====== DATA SHOWN

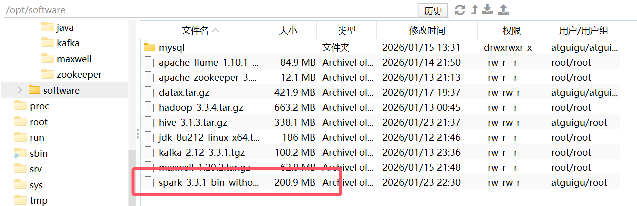 1.上传spark安装包到/opt/software目录下(hadoop102执行下面操作)
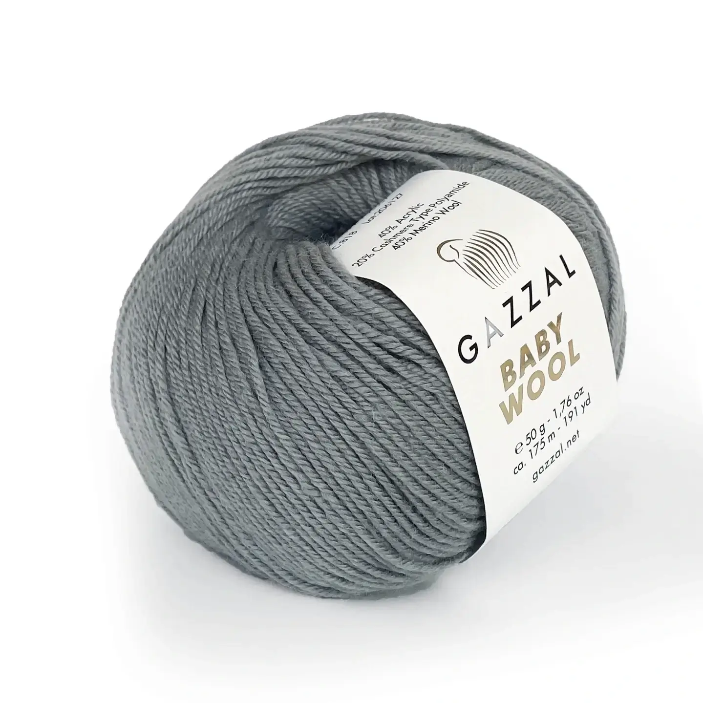 Пряжа Gazzal Baby Wool 818 — сіра напіввовна з мериносом для дітей і дорослих
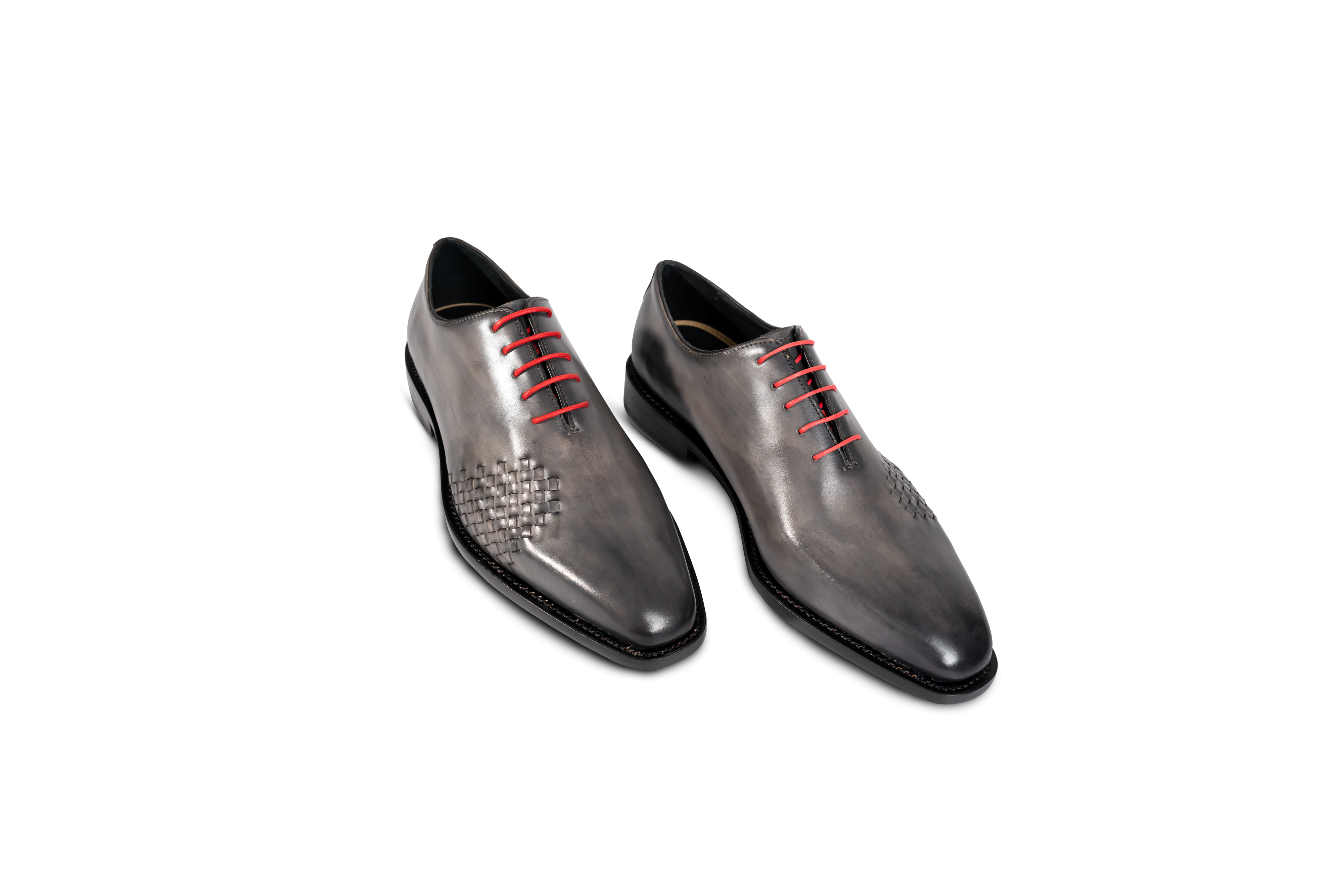Discover timeless sophistication with the Intreccio Woven Wholecut, where traditional shoemaking meets artistic flair. These dress shoes are distinguished by intricate handwoven leather detailing across the vamp and quarters, offering a textured, luxurious look that sets them apart from Wholecut.

============

TO DO: Only the lines from the one containing "Пряжа Gazzal Baby" through the last line of the data belong in the copy, both included and reproduced exactly. Pictures do not.

OUTPUT:
 Пряжа Gazzal Baby Wool 818 — сіра напіввовна з мериносом для дітей і дорослих
Discover timeless sophistication with the Intreccio Woven Wholecut, where traditional shoemaking meets artistic flair. These dress shoes are distinguished by intricate handwoven leather detailing across the vamp and quarters, offering a textured, luxurious look that sets them apart from Wholecut.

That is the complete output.